My childhood was filled with the connection of my family members and the athletic traditions of my home town, New Prague. This is the reason for my writing out my memories for this special event at the Scott County Historical Society and the program on small town baseball. But first, a short history of how my  family came to Scott County. My family had arrived in Minnesota from the Austrian Hungarian Empire, a part now known as the Czech Republic, to Scott County in 1865. They were looking to escape the military duties of their homeland, and they were seeking opportunities to seek their fortune and a better life for their families. They settled in Nova Praha, New Prague after the journey from the small villages southwest of Vesili, which is south of Praha in Bohemia.

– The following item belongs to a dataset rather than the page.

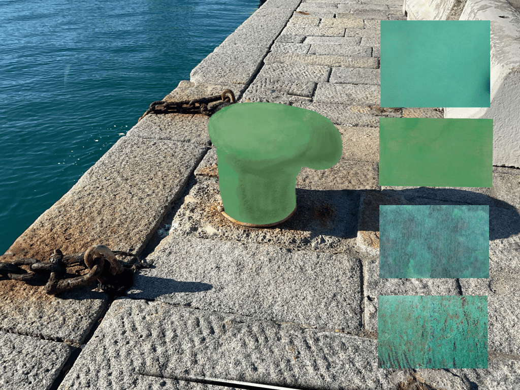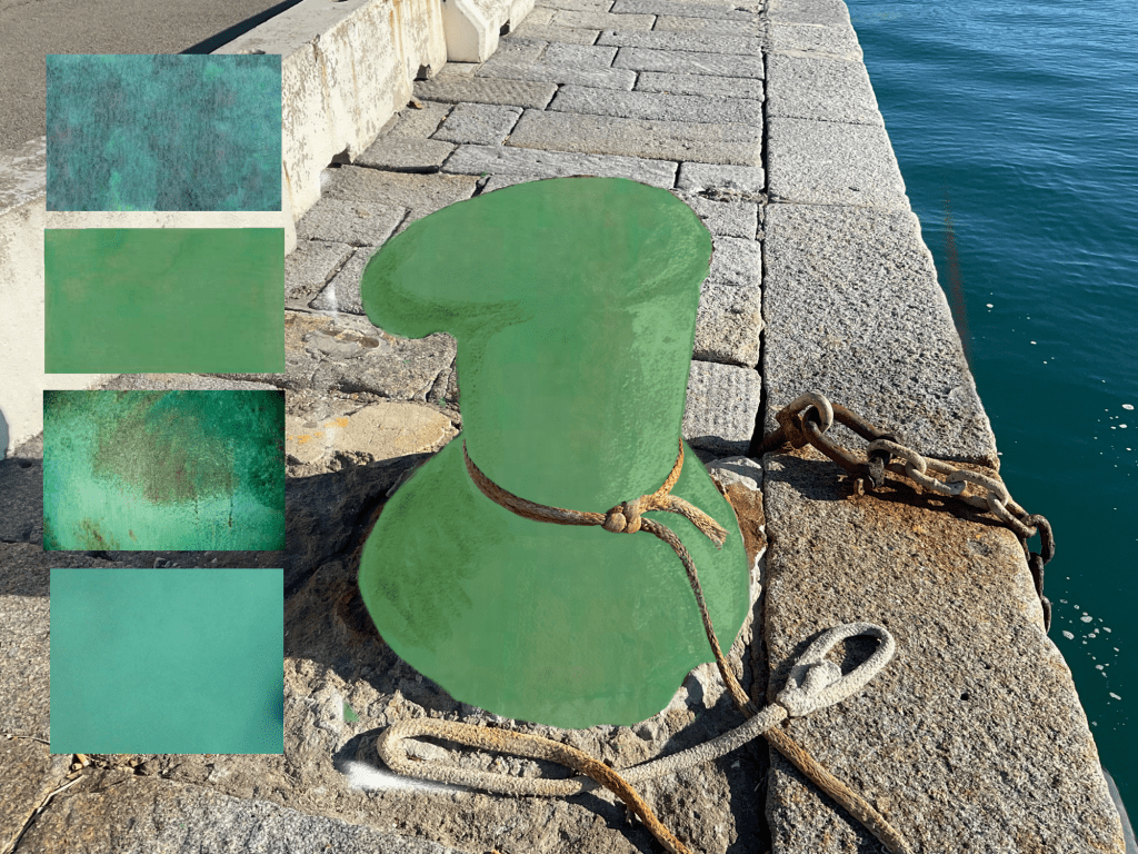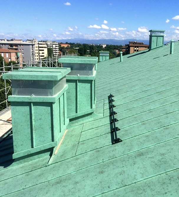 Dopo vari tentativi abbiamo individuato il colore del rame ossidato come rispettoso del contesto.
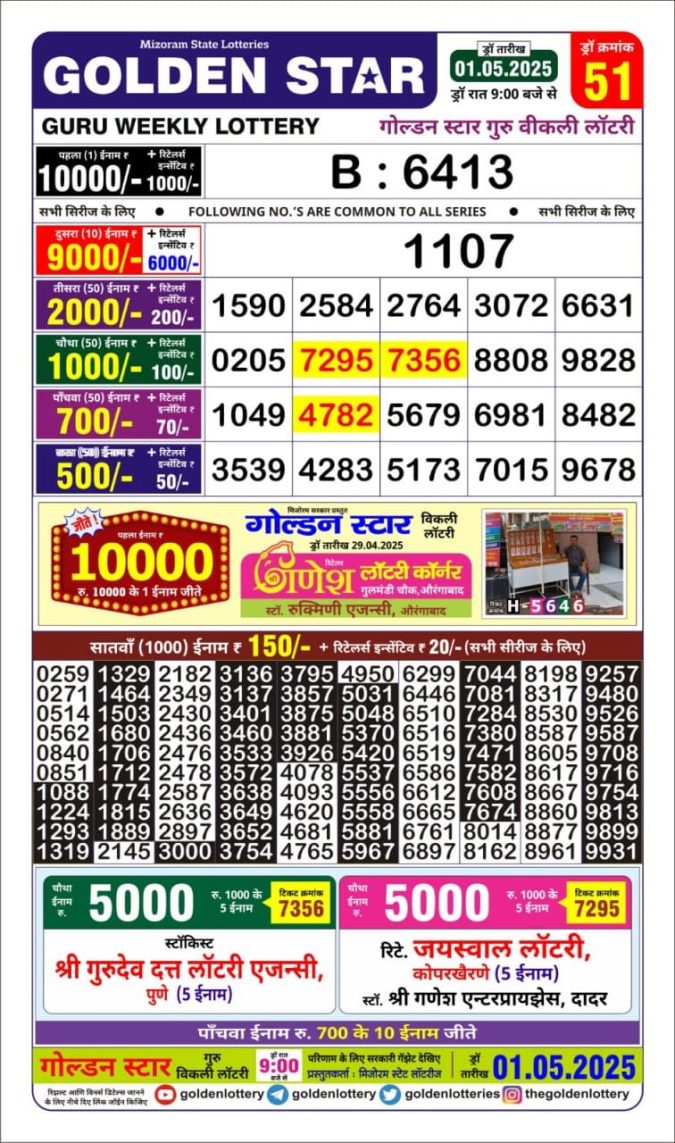 Dear mahanadi Thursday Weekly 1pm result 1.5.25

My family came to New Prague not as farmers, but as trade workers and merchants to supply the needs of the growing farming community surrounding the town. The first man of the Rybak family was a blacksmith, but the next generation of men started stores and saloons in the town. By the early 1900s my grandfather opened a brewery in New Prague named the OK brewery. This company closed during the Prohibition years, and they went into making their own flavors of soda pop under the name of Rybak’s bottling Works, which also distributed Schmidt Beer after the Prohibition years ended.

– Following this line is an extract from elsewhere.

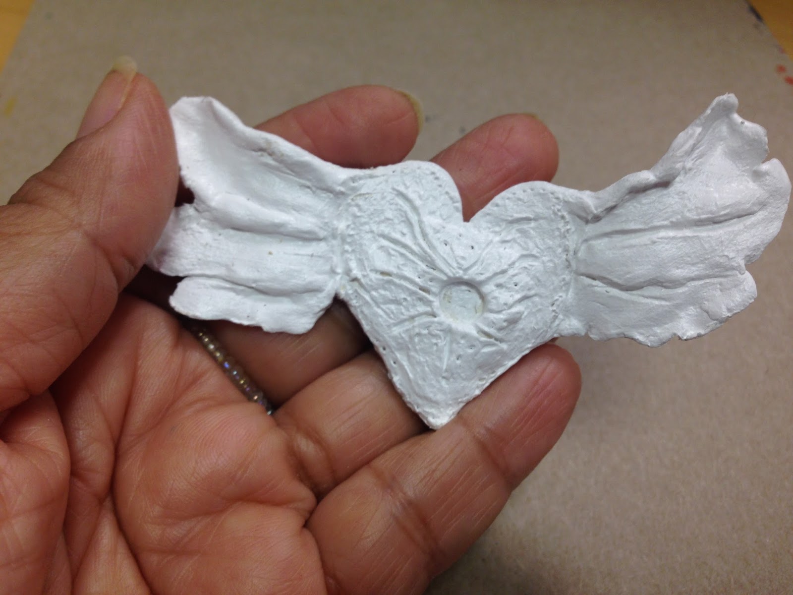 I created the heart first, it is a bit high in the center, I didn't want it to be flat, once I shaped the heart out, I simply carved some lines and added textured to the piece, once the heart dried, I started to add the wings little by little until I liked the end piece, this is not supposed to look "perfect" I wanted it have uneven sides, and the wings had to look different, this piece was handmade to be unique, I thought about making a mold but decided not to because this was to be unique and one-of-a-kind.
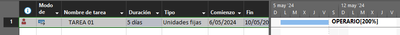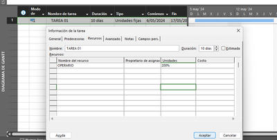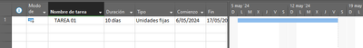 The Fixed Units (Unidades fijas) task type is used to maintain the number of Resource Units assigned to the task when the user changes the Duration of the task or the amount of Work of the resources in the task.

My father and his two brothers were educated in the New Prague schools and were active in various town activities. It was my father, Mathew Albert Rybak known as Mike who was very interested in athletic events. He belonged to the Sokol club (gymnastic society) and played football, but his passion was for baseball. He was featured in the recent 2018 Minnesota State Amateur Baseball publication which was printed for the tournament when New Prague, Jordan and Shakopee hosted the tournament games.

There are photographs of him at bat as a young man and another one of my mother, Clara Rybak, and I standing in front of the score board dedicated to him at a field named for him after his death in 1953. His statistic were also printed in that publication, but there were many years when he was still playing that did not make the book. I am so delighted that I have the 1921-1922 score book records of the town games against Jordan, Chaska and other small towns- many of them in Le Seuer.

One of the things that I am most proud of in my life was his dedication to organizing the town team when WW2 ended. He supported that town team as a player, a manager, and in a financial way. It was during those years when I followed the games that I began keeping score myself, which I still do to this day when I watch the Twins playing. When he died, the headlines on the New Prague Times read “Mr Baseball Dies. Mick’s Bat is Silent”.

Over time repairs were needed at the Mike Rybak Memorial Park near the golf course in New Prague. The score board was replaced with an electronic one and the name was changed to the Memorial Park, honoring all the people including the vets who played on that field.

In preparation for the state tournament many things were upgraded and improved! But my memories of the importance of sharing time with my mother and father at that field are rich and precious in my memory bank. those were the good old days of my childhood.